Research

Insight

From Engineering Evaluation to Independent Oversight

Modern AI agents plan, act, retry, and interact with live systems. As a result, assurance can no longer rely on point‑in‑time validation or benchmark performance alone.

Three colleagues smiling and chatting together in a studio setting.

Words by

How do financial institutions maintain effective challenge when decision‑making is delegated to probabilistic, adaptive agents operating at machine speed?

What Engineering Evals Solve

Recent advances in agent evaluation have significantly raised the technical bar. Modern frameworks typically include:

Task suites derived from real‑world failures and representative user journeys
Automated graders to assess outcomes at scale
Full transcripts capturing reasoning, tool calls, and intermediate actions
Quantitative metrics such as pass@k and pass^k to measure capability and consistency

These components are essential. They establish whether an agent can perform a task and provide the raw evidence needed for review. However, evaluation alone does not answer the governance question regulators and boards care about:

Should this agent be allowed to operate, at this level of autonomy, in this context, today?

That decision requires controls beyond engineering.

The Governance Gap

In high‑stakes domains such as financial services, risk management rests on separation of duties. The builder of a system cannot be its final judge.

Agent eval frameworks are typically owned by the same teams that design, prompt, and deploy the agent. Over time, this creates predictable blind spots.

Incentive Drift

Evaluation suites naturally converge on known strengths. Rare but severe failures are under‑represented, even as operational exposure grows.

Capability Masking

Metrics like pass@k demonstrate that a solution exists, but can hide dangerous side effects that occur during failed attempts before eventual success.

Correlated Judgement

When agents are evaluated by similar models, shared reasoning errors and confidence biases can go undetected, especially in multi‑agent systems.

Point‑in‑Time Assurance

Agents interact with changing environments. A test passed at deployment does not guarantee safe behaviour months later, after model updates or new user behaviours emerge.
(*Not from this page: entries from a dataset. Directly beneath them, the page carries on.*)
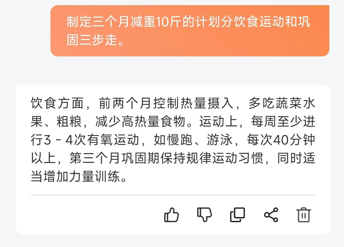 不仅如此,我还让它帮我出了一份3个月减重10斤的计划,并且需要按照饮食、运动和巩固三步走。面对这样复杂的问题,⽃战者天禧智能体眼镜G1101也同样给出了令人满意的回答。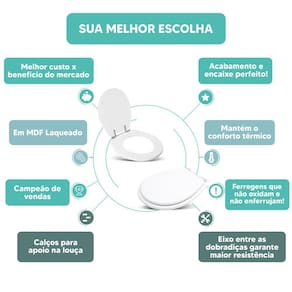 * Acabamento e encaixe perfeito no vaso sanitário.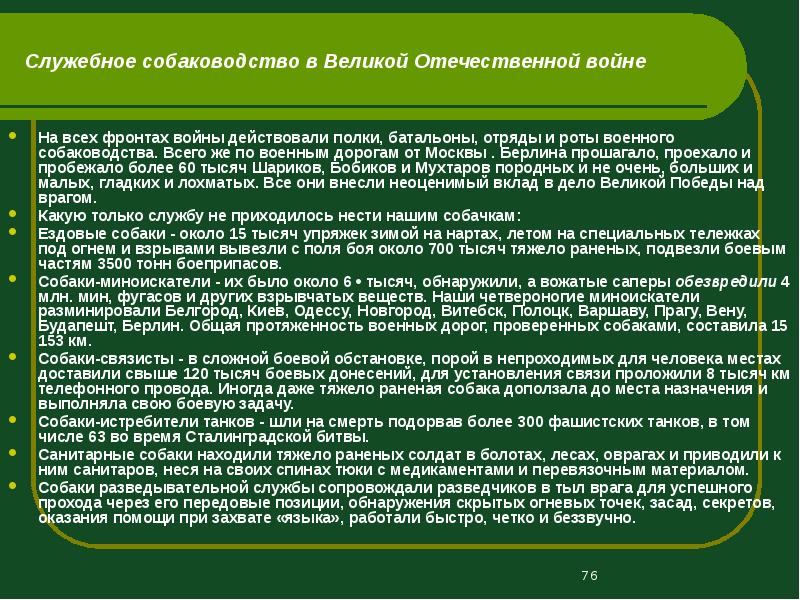 - 76. Служебное собаководство в Великой Отечественной войне На всех фронтах войны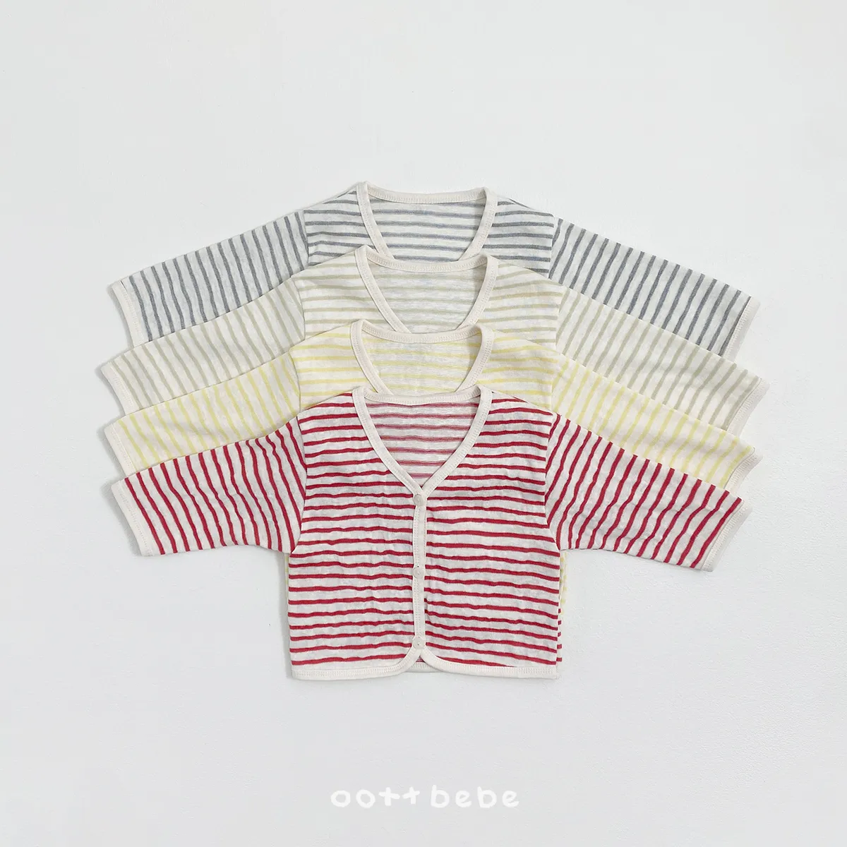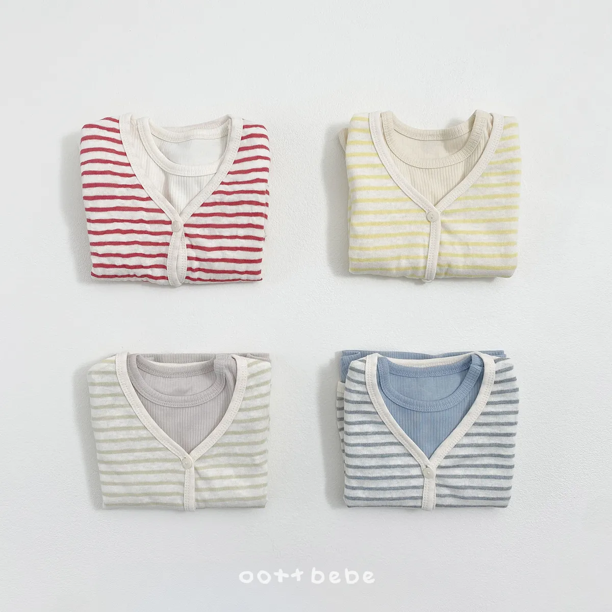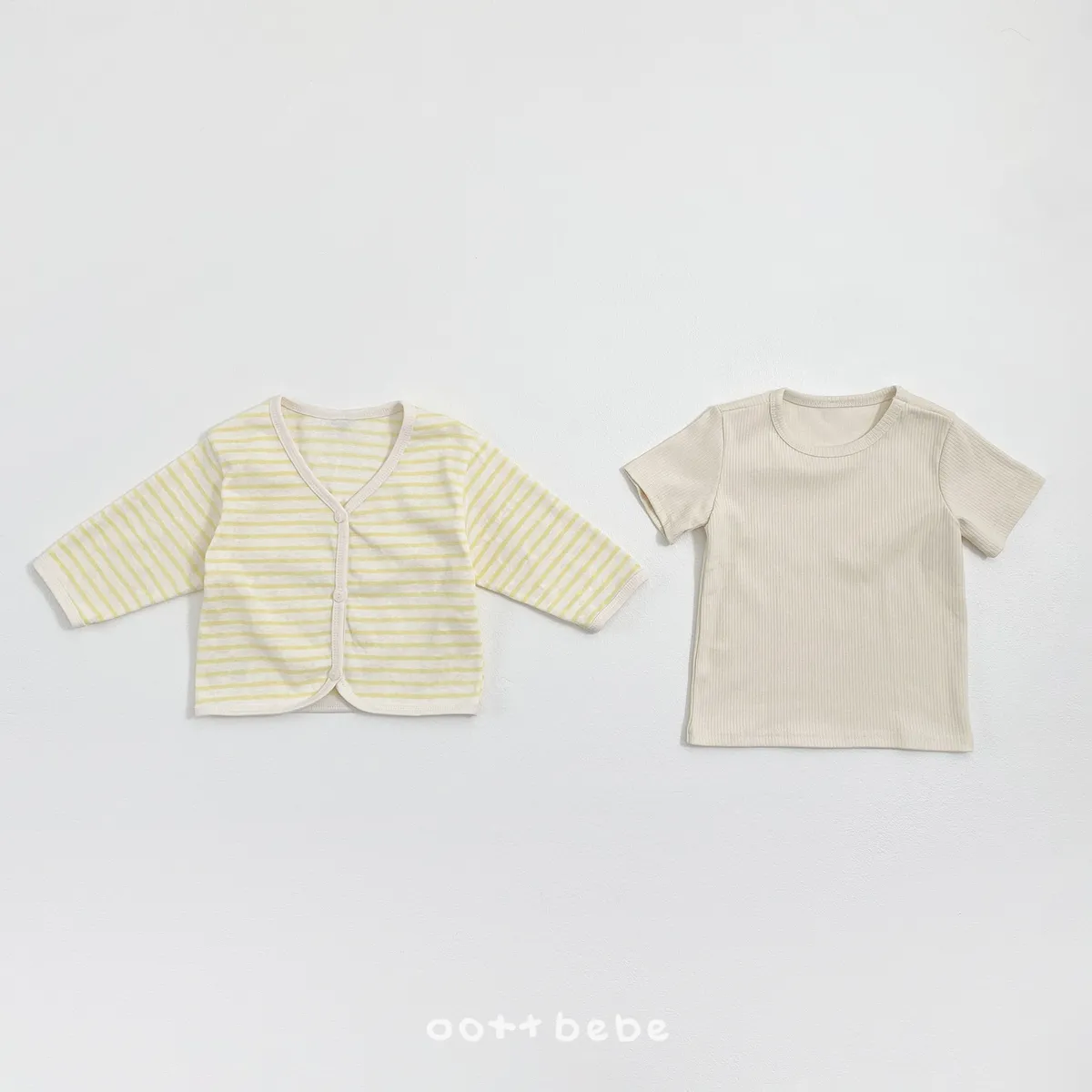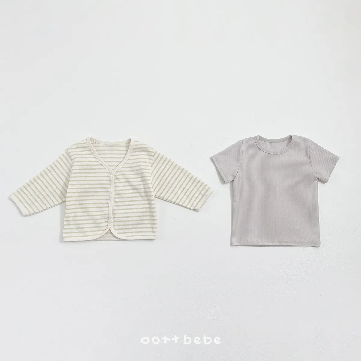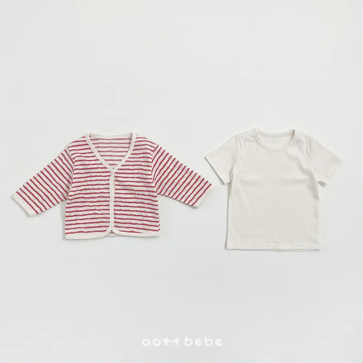 OOTTbebe 條紋外套兩件套組(短T恤+外套)

These are not engineering failures. They are governance failures.

Primebase’s Research Thesis

Primebase is built on the premise that effective challenge must be continuous, independent, and operationalised at runtime, not inferred from static test results.

Our research focuses on three principles.

1. Independence by Design

Oversight must be structurally independent from agent builders. Validation logic, escalation thresholds, and risk interpretation cannot be owned by the same incentives driving delivery velocity. Primebase treats evaluation outputs as inputs, not decisions.

2. Reliability Over Capability

Capability metrics show what an agent can do. Governance requires understanding how it fails.

Primebase research emphasises:

Severity‑weighted failure classification
Detectability and recoverability of errors
Bounded retries and irreversible action tracking

This reframes assurance from success rates to downside containment.

3. Oversight as a State, Not a Gate

For agentic systems, assurance decays over time.

Primebase defines oversight as a continuously maintained state, supported by:

Runtime observation of agent behaviour
Trigger‑based escalation when risk boundaries are approached
Periodic re‑validation driven by model changes, behavioural drift, and incident signals

From Evaluation to Decision

A core contribution of Primebase research is the distinction between measurement and judgement.

Engineering frameworks measure performance.

Governance frameworks decide:

Whether autonomy remains appropriate
Whether constraints must tighten or relax
When human intervention is required
What evidence demonstrates effective challenge

Primebase converts raw eval and runtime signals into defensible oversight decisions aligned with regulatory expectations such as effective challenge, proportionality and ongoing assurance.

Why This Matters Now

As agents gain broader action spaces and operate across customer journeys, risk is no longer concentrated in single model outputs. It emerges from interaction, retries, tool use, and coordination across systems.

Without independent, continuous oversight, strong benchmarks can coexist with fragile real‑world behaviour. Primebase exists to close that gap.

Ongoing Work

Our current research explores:

Governance patterns for multi‑agent systems
Runtime detection of autonomy drift
Mapping agent risk controls to supervisory framework
Evidence generation for second‑line and board assurance

We publish selectively and collaborate with practitioners who believe governance must evolve as fast as the systems it oversees.